The Fabelmans (2022)
Directed by: Steven Spielberg
Premise: Set in post-war America, Sammy (Gabriel LaBelle) follows his passion for filmmaking while his parents’ marriage buckles under increasing stress.
What Works: Much has been made in the press about The Fabelmans as a semi-autobiographical work on Steven Spielberg’s part. He co-wrote the script which is based on his own upbringing. Knowing that certainly informs our understanding of the film but The Fabelmans also plays as a fiction and a self-contained story. Admirably, Spielberg does not treat this picture as a victory lap the way he did Ready Player One. There are no cute references to his filmography. Instead, The Fabelmans is the story of a Jewish family making their way in post-war America and the emphasis is on Sammy’s coming of age and the disintegration of his parent’s marriage. Sammy is a young man who discovers his passion for filmmaking and pursues it with ever increasing dedication. Filmmaking is a way to find truth but also a way to create an idealized reality; Sammy’s films reflect this. It is through film reels that Sammy realizes the problems in his family and The Fabelmans is partly about that transformative moment when we see our parents as fallible human people. That idea is tied directly to Sammy’s need to create movies and The Fabelmans is an impressively complex exploration of what it means to be a filmmaker and the space where life and art intersect. The film has a few notable performances, namely Gabriel LaBelle as Sammy and Michelle Williams and Paul Dano as his parents. LaBelle doesn’t do a Steven Spielberg imitation (what would that even look like?) but he creates a distinct character who is smart but not precocious. Williams and Dano play a believable couple and the breakup of their marriage is both obvious and heartbreaking. Also notable in a very small role is Judd Hirsch as Sammy’s distant uncle. He’s only in one sequence but he makes an impression that runs throughout the movie.

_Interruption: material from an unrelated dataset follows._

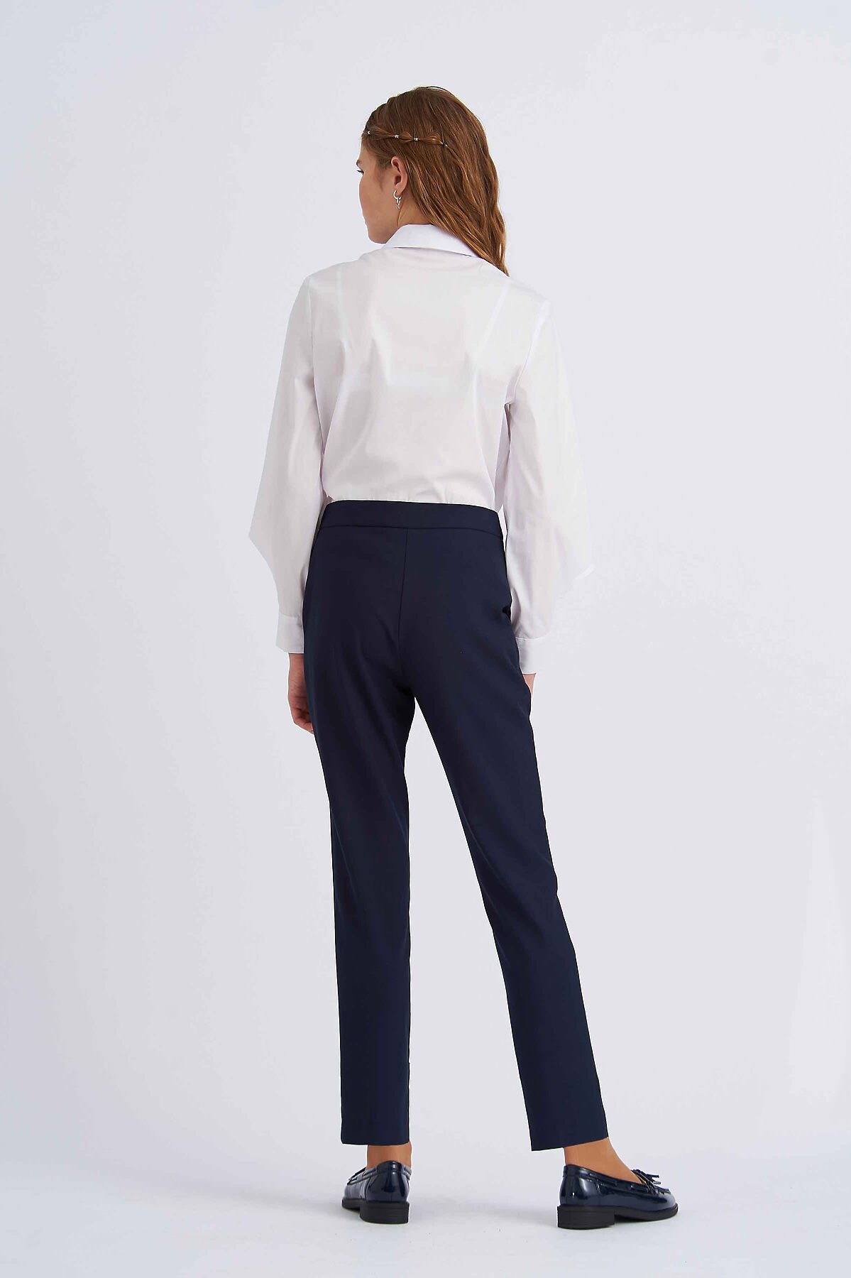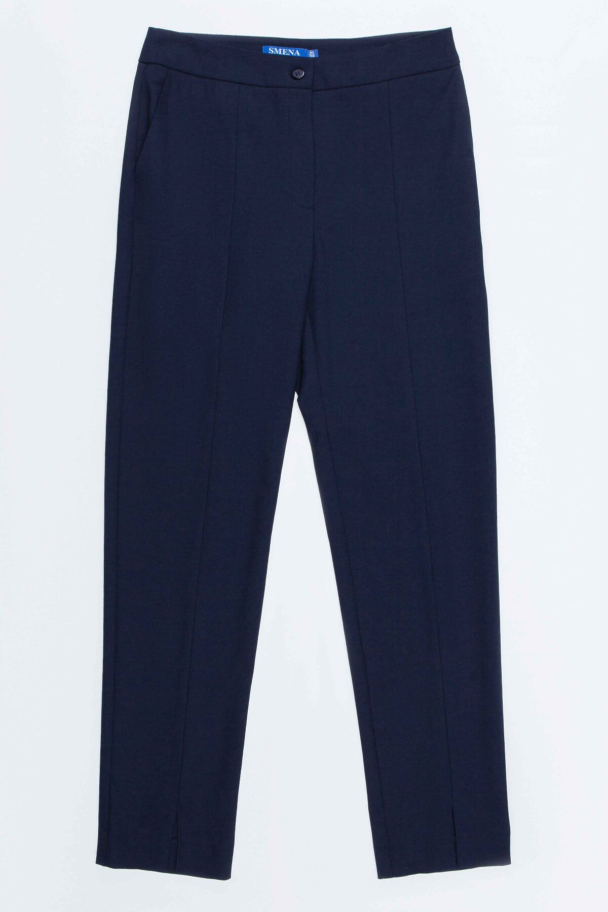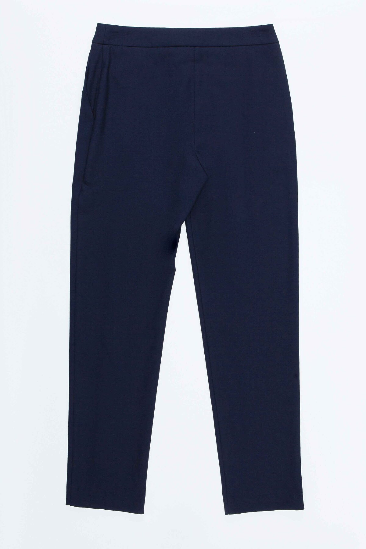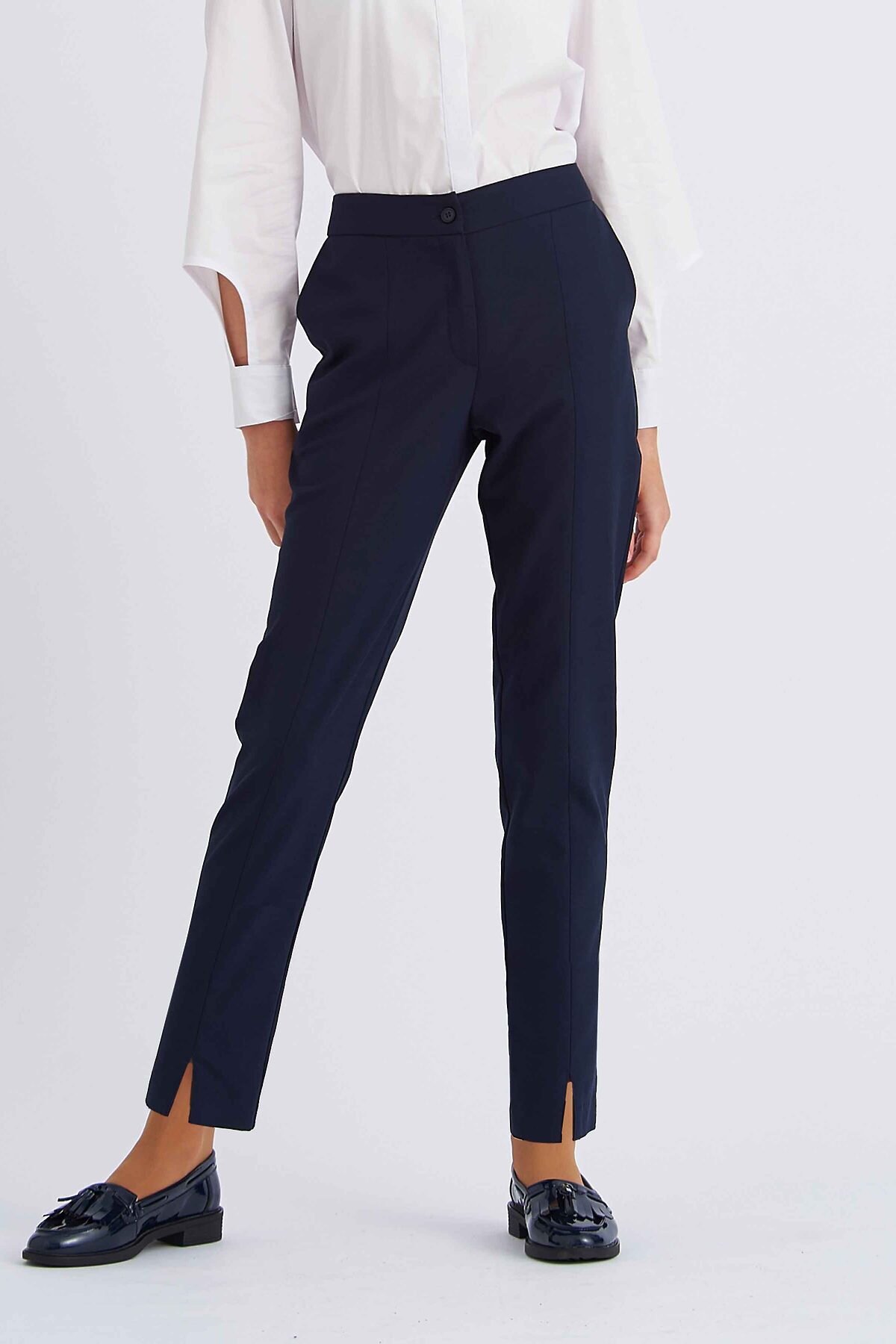 Элегантные, зауженные брюки из костюмной поливискозы с интересной отделкой переда, застроченной стрелки, заканчивающейся небольшим разрезом. Дополнены боковыми карманами.

What Doesn’t: The Fabelmans suffers from being just a little too pat. The filmmakers spell out the idea that Sammy uses filmmaking to gain control over the frightening and stressful aspects of his life. The picture also acknowledges the boundaries of that control and The Fabelmans is as much about the love of cinema as it is about cinema’s limitations; it can reveal the problems in the parent’s marriage but it cannot fix them. For a movie about thorny parent-child relationships and a disintegrating marriage, The Fabelmans ends in a way that is too conciliatory. Virtually everybody gets what they want and the costs and sacrifices required to satisfy those desires are minimized. It undermines one of the film’s central ideas, that following artistic passion is going to require a degree of selfishness that inevitably breaks hearts.
Bottom Line: The Fabelmans is a satisfying coming of age story and a thoughtful drama about cinema and the way life and art intersect. It has the characteristic Spielbergian optimism, both for better and for worse, but that quality is tempered by a sense of wisdom behind the camera.